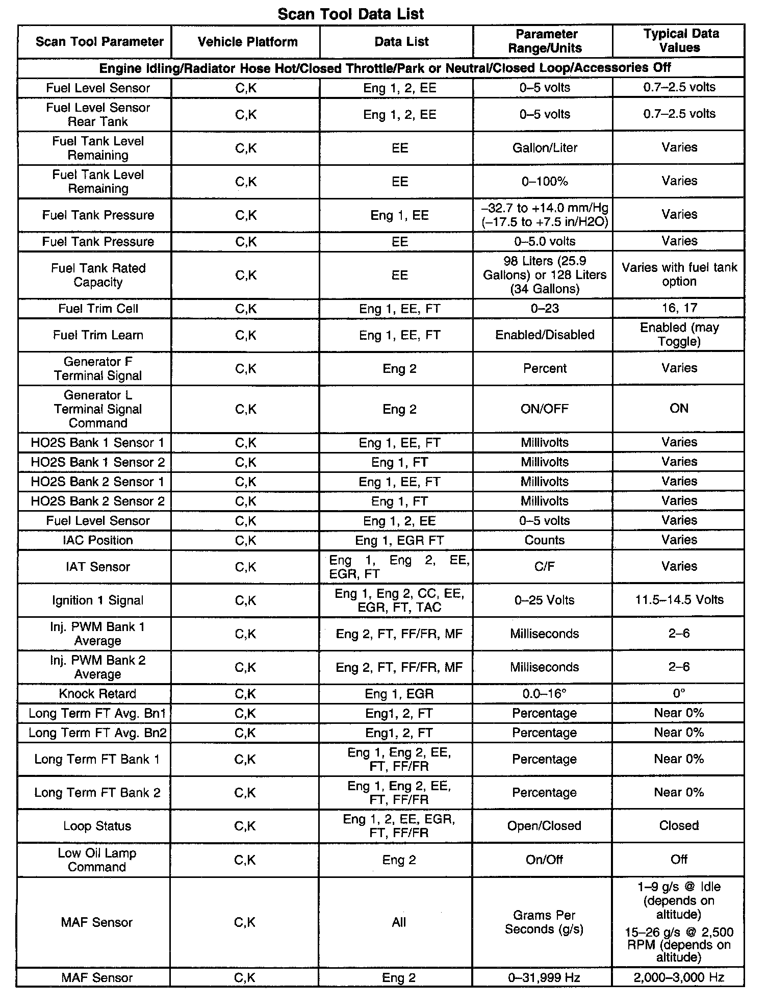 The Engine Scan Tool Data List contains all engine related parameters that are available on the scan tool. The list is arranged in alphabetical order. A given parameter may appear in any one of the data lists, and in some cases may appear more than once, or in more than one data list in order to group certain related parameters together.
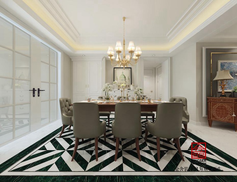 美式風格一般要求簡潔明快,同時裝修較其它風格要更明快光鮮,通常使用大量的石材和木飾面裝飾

...

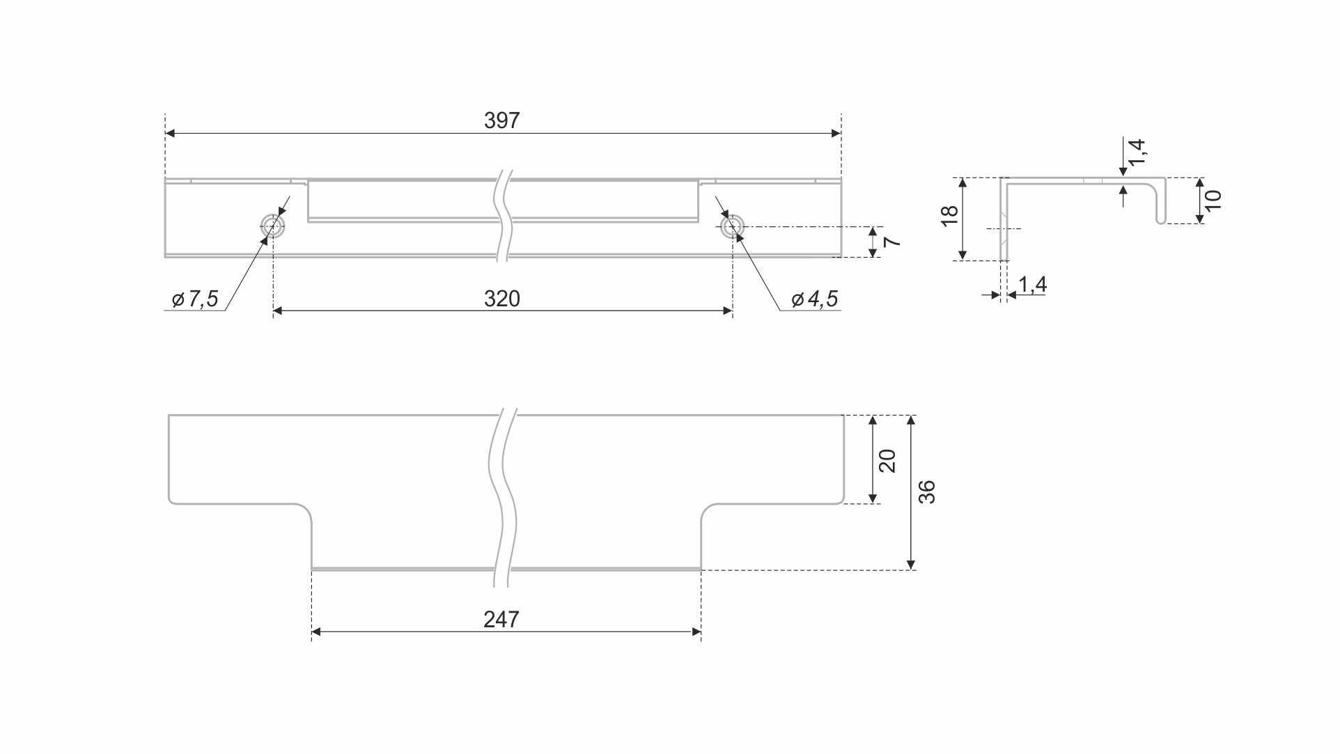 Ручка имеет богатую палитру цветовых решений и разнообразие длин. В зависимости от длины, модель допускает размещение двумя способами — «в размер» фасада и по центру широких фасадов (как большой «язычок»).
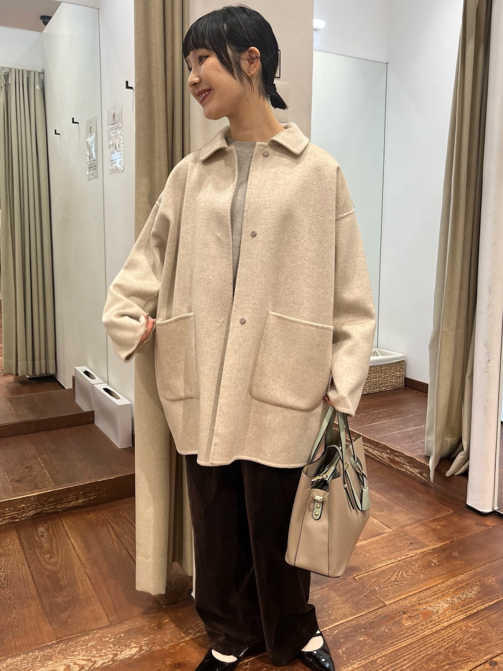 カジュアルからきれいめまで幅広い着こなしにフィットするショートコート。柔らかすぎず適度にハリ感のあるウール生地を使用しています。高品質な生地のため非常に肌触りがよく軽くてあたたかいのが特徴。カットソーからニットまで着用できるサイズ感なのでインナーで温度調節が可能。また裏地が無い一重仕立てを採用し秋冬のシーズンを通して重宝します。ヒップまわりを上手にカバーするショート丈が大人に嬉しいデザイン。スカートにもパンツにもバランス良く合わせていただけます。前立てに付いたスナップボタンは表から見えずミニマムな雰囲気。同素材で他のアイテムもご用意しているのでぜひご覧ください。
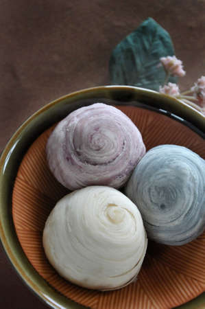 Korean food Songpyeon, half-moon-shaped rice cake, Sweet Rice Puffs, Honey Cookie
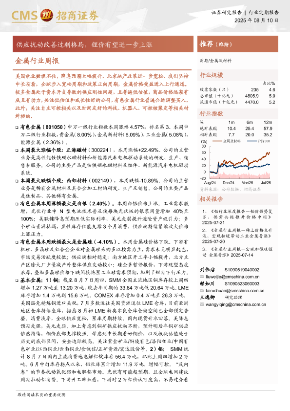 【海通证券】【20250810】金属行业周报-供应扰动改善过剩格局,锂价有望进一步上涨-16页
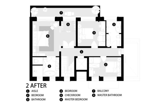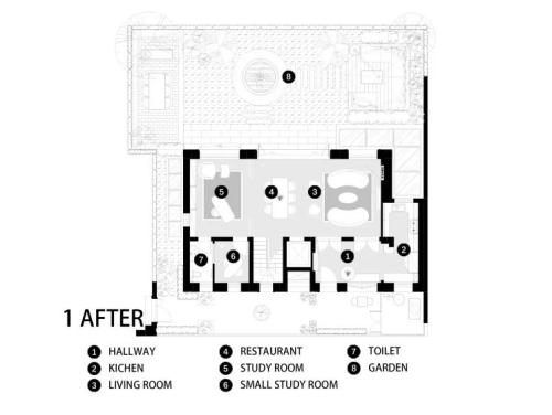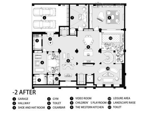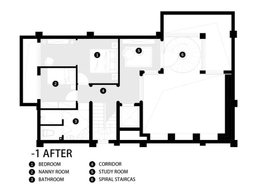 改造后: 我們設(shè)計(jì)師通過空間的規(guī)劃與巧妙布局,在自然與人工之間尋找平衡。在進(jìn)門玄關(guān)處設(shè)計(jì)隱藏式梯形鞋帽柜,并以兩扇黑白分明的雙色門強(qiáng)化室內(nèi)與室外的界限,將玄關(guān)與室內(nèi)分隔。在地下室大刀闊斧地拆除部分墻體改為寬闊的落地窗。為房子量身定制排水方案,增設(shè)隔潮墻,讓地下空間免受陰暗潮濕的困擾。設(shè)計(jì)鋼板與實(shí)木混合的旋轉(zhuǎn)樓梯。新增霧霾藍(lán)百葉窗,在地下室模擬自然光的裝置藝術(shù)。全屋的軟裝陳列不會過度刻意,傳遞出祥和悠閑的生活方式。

* * *

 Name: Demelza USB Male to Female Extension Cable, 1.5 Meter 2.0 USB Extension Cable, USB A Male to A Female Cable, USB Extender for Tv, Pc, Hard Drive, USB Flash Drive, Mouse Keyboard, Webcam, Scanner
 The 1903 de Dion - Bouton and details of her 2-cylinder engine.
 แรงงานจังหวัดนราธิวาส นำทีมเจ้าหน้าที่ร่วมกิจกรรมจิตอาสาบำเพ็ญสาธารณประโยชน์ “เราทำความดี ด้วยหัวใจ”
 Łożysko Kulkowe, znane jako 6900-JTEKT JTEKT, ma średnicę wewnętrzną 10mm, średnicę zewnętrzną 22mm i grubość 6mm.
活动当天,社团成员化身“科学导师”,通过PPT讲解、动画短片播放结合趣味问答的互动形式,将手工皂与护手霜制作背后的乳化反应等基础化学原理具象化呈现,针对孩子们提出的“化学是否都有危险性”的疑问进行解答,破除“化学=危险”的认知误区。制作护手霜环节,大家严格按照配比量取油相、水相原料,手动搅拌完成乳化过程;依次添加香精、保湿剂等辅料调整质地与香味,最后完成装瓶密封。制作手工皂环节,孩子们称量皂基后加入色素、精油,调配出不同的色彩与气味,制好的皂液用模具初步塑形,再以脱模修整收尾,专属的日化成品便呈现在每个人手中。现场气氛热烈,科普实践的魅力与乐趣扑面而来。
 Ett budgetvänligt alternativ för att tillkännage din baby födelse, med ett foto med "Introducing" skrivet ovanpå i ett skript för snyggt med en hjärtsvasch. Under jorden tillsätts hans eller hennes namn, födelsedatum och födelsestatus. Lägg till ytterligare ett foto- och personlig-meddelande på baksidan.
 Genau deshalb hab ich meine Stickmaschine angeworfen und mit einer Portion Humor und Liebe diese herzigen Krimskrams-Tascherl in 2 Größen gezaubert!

(Task objective) Taking the records above, print only and exactly the lines from the line with "カジュアルからきれいめまで幅" to the line with "改造后: 我們設(shè)計", both kept, and exclude pictures.

(Problem solution)
 カジュアルからきれいめまで幅広い着こなしにフィットするショートコート。柔らかすぎず適度にハリ感のあるウール生地を使用しています。高品質な生地のため非常に肌触りがよく軽くてあたたかいのが特徴。カットソーからニットまで着用できるサイズ感なのでインナーで温度調節が可能。また裏地が無い一重仕立てを採用し秋冬のシーズンを通して重宝します。ヒップまわりを上手にカバーするショート丈が大人に嬉しいデザイン。スカートにもパンツにもバランス良く合わせていただけます。前立てに付いたスナップボタンは表から見えずミニマムな雰囲気。同素材で他のアイテムもご用意しているのでぜひご覧ください。
 Korean food Songpyeon, half-moon-shaped rice cake, Sweet Rice Puffs, Honey Cookie
 【海通证券】【20250810】金属行业周报-供应扰动改善过剩格局,锂价有望进一步上涨-16页
 改造后: 我們設(shè)計(jì)師通過空間的規(guī)劃與巧妙布局,在自然與人工之間尋找平衡。在進(jìn)門玄關(guān)處設(shè)計(jì)隱藏式梯形鞋帽柜,并以兩扇黑白分明的雙色門強(qiáng)化室內(nèi)與室外的界限,將玄關(guān)與室內(nèi)分隔。在地下室大刀闊斧地拆除部分墻體改為寬闊的落地窗。為房子量身定制排水方案,增設(shè)隔潮墻,讓地下空間免受陰暗潮濕的困擾。設(shè)計(jì)鋼板與實(shí)木混合的旋轉(zhuǎn)樓梯。新增霧霾藍(lán)百葉窗,在地下室模擬自然光的裝置藝術(shù)。全屋的軟裝陳列不會過度刻意,傳遞出祥和悠閑的生活方式。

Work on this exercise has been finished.